Source material:
•••

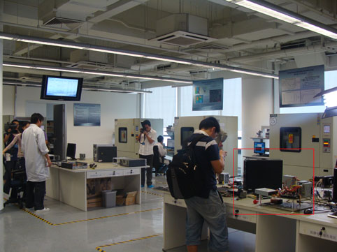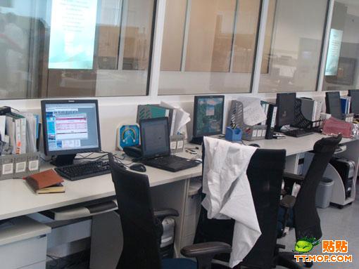 实验室全景,红框内的台式电脑据说是联想正在研发的“天价”电脑,要卖到4万多啊!!
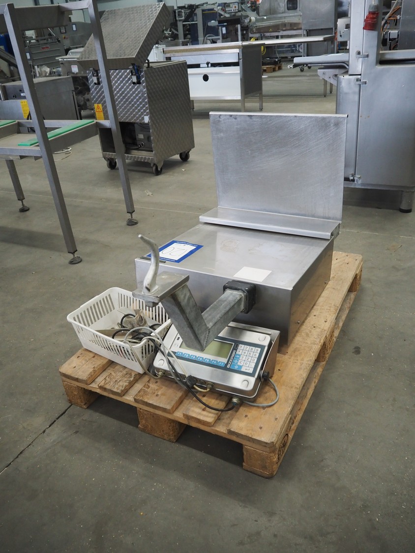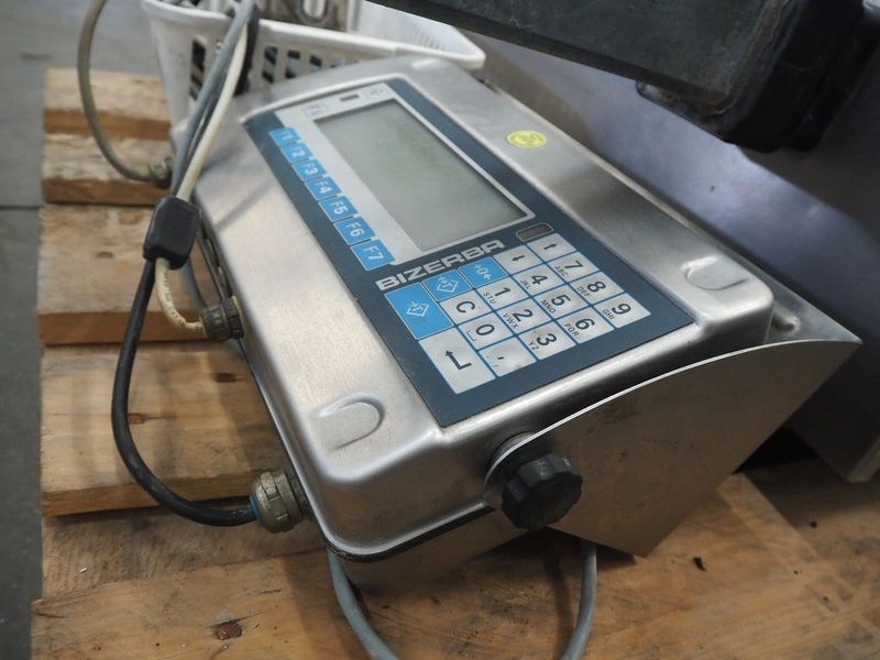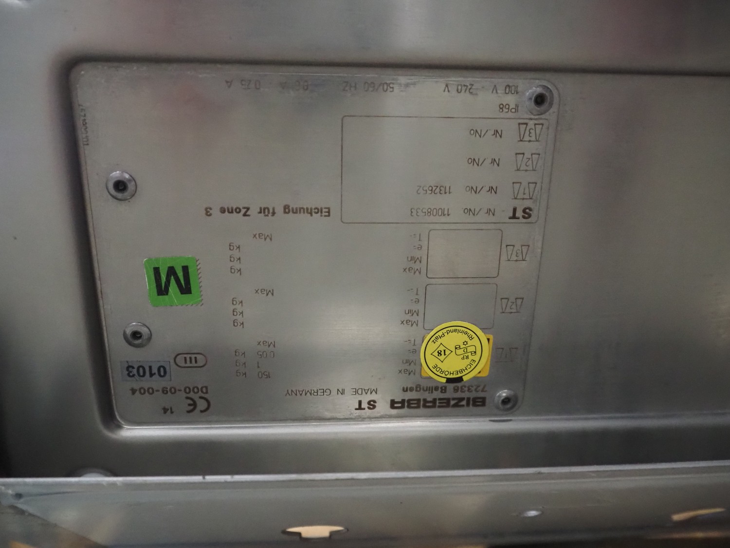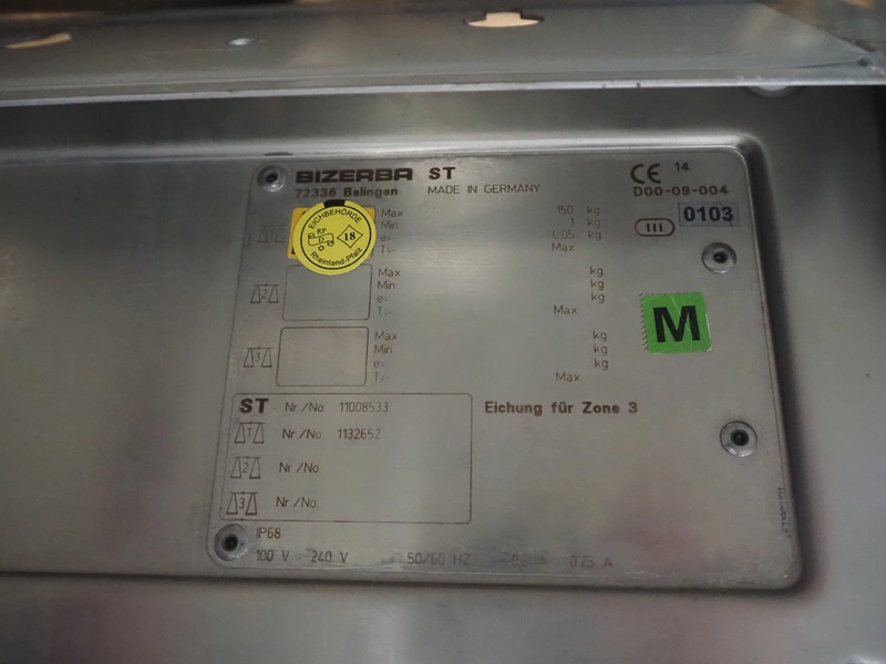 Bizerba hook weighing scale, type: ST, number: 11008533, 240 V, 50/60 Hz, 0.25 A, maximum weight: 150 kg, minimum weight: 1 kg, e= 0.05 kg, dimensions: 600 mm x 700 mm x 1300 mm.
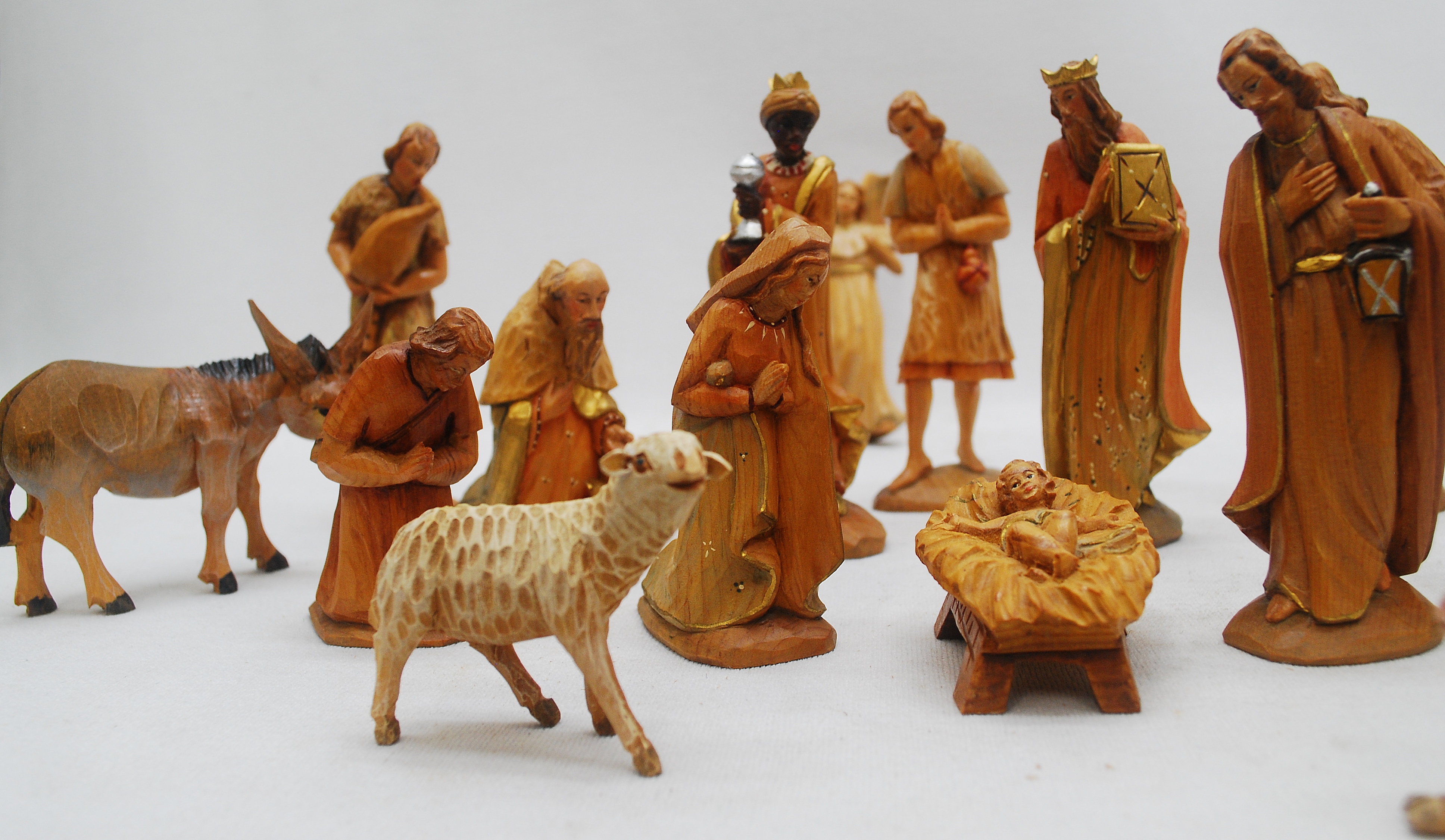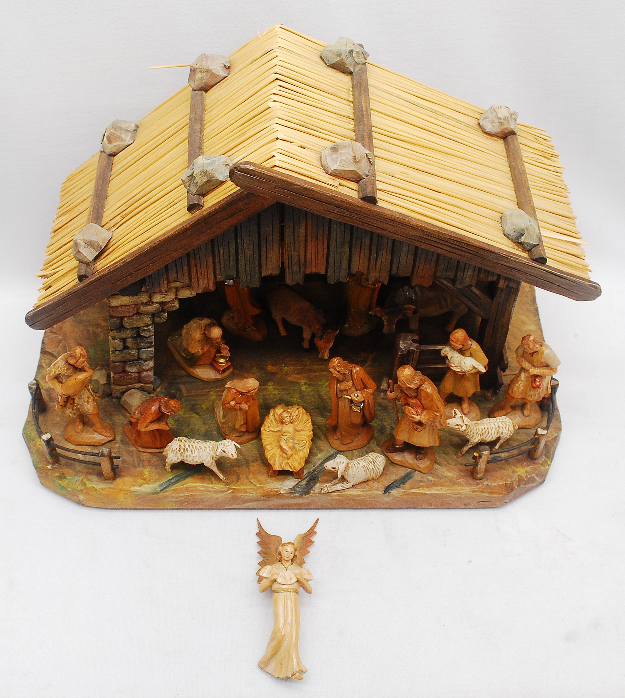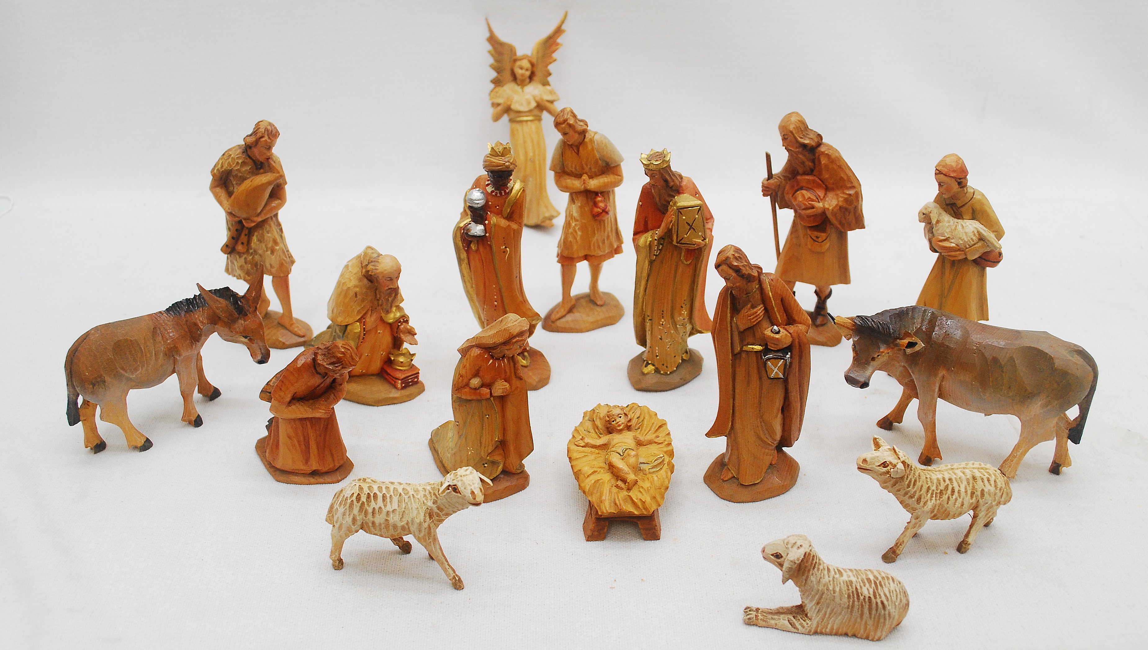 This is a previously owned 19-piece woodcarved nativity set. This item measures 5" tall and is in nice condition.

•••

Task to carry out: Omit all images when repeating the data above exactly.

Exercise response:
 实验室全景,红框内的台式电脑据说是联想正在研发的“天价”电脑,要卖到4万多啊!!
 Bizerba hook weighing scale, type: ST, number: 11008533, 240 V, 50/60 Hz, 0.25 A, maximum weight: 150 kg, minimum weight: 1 kg, e= 0.05 kg, dimensions: 600 mm x 700 mm x 1300 mm.
 This is a previously owned 19-piece woodcarved nativity set. This item measures 5" tall and is in nice condition.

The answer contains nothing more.